# Divide and Conquer: MergeSort

Thursday, Jan 30, 2020
Algorithms JavaScript

Alright, now we see some good use of recursion. We know that if we can cut the problem size into half (as in binary search), we can solve the problem quicker. Can we employ this for sorting an array? Well, yes! Let's look into MergeSort. Again the concept is simple- instead of sorting the entire array in one go, we divide the array into two and sort the two smaller arrays instead. Ok, but how do we sort the two arrays?

This is where recursion comes to rescue. We continue to divide the array into ever smaller size until we are left with just one element which is already sorted. Huh, sounds bit hoaky. We need a single sorted array at the end, not n individual elements scattered around. How do we combine these smaller arrays to get the final sorted array?

This is where the merge part comes in. If we have two arrays that are sorted, we can merge these arrays by one pair of elements at a time.
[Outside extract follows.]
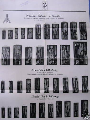 Ferruccio Torresan Milano Compassi J. Gronemann Vienna Interessante antico foglio volante, listino prezzi dei compassi prodotti dalla ditta austriaca Gronemann, compassi di precisione, tipo "Union", tipo "Scuola", cassette in legno, strumenti sciolti (tiralinee, balaustrino, compasso, porta-lapis, porta mine, ...);  *listino prezzi corredato di un grande foglio distinto, foglio di grandi dimensioni, tipo manifesto, illustrato su entrambi i lati, in cui sono raffigurati le numerose scatole di compassi (al recto) e al verso i pezzi singoli, ossia compassi singoli e altri strumenti tiralinee o portamine o ....*  Il tutto con molte figure illustrative! Il foglio con il listino prezzi misura cm. 30x44,5; mentre il grande foglio con le illustrazioni misura cm.63x47 (ed è stato stampato a Vienna, e le scritte sono in lingua originale austriaca); il tutto databile alla metà del '900, probabilmente anni '30 (?) Di interesse specialistico scientifico pubblicitario collezionistico Buona conservazione generale, segni e difetti d'uso e d'epoca, inevitabili piegature ad entrambi i fogli, il foglio grande presente una lunga rottura alla piegatura centrale superiore (eventualmente facilmente restaurabile, o da inserire sotto passpartout ed incorniciare); complessivamente si inviano due fogli distinti, uno con il listino (non illustrato) e l'altro -quello grande- con le illustrazione dei compassi e di altri attrezzi accessori.

For example, if we have two rows of players already ordered by increasing height, we will compare the first player of first row with first player of second row and let in the player who is shorter. The taller of the two waits for the next comparison. We continue to do so until no player is left in any row. Pretty neat, huh!

## Pseudocode

function merge(array1, array2)
m = LENGTH(array1)
n = LENGTH(array2)
s = new Array[]
i = j = k = 0
while (i < m && j < n)
if (array1[i] < array2[j])      // compare element-wise and merge
s[k] = array1[i]
i = i + 1
else
s[k] = array2[j]
j = j + 1
k = k + 1
while (i < m)                       // tack on remaining elements if any
s[k] = array1[i]
i = i + 1
k = k + 1
while (j < n)                       // tack on remaining elements if any
s[k] = array2[j]
j = j + 1
k = k + 1
return s

function mergeSort(array)
n = LENGTH(array)
if n == 1
return array
m = floor((n + 1) / 2)
L = array[1 : m-1]
R = array[m : n]
return merge(mergeSort(L), mergeSort(R))


## JavaScript Implementation

//merges two sorted arrays to produce a third sorted array
function merge(array1, array2) {
var m = array1.length;
var n = array2.length;
var s = [];
var i = j = k = 0;
while (i < m && j < n)
{
if (array1[i] < array2[j])      // compare element-wise and merge
{
s[k] = array1[i];
i += 1;
}
else
{
s[k] = array2[j];
j += 1;
}
k += 1;
}
while (i < m)                       // tack on remaining elements if any
{
s[k] = array1[i];
i += 1;
k += 1;
}
while (j < n)                       // tack on remaining elements if any
{
s[k] = array2[j];
j += 1;
k += 1;
}
return s;

}

//recursively do merge sort
function mergeSort(array) {
var n = array.length;
if (n == 1)
return array;
var m = Math.floor((n + 1) / 2);
var L = array.slice(0, m);
var R = array.slice(m);
return merge(mergeSort(L), mergeSort(R));
}



## Let's test it

a = [5, 4, 10, 9, 8, 1, 2];
console.log(mergeSort(a));

[
1, 2,  4, 5,
8, 9, 10
]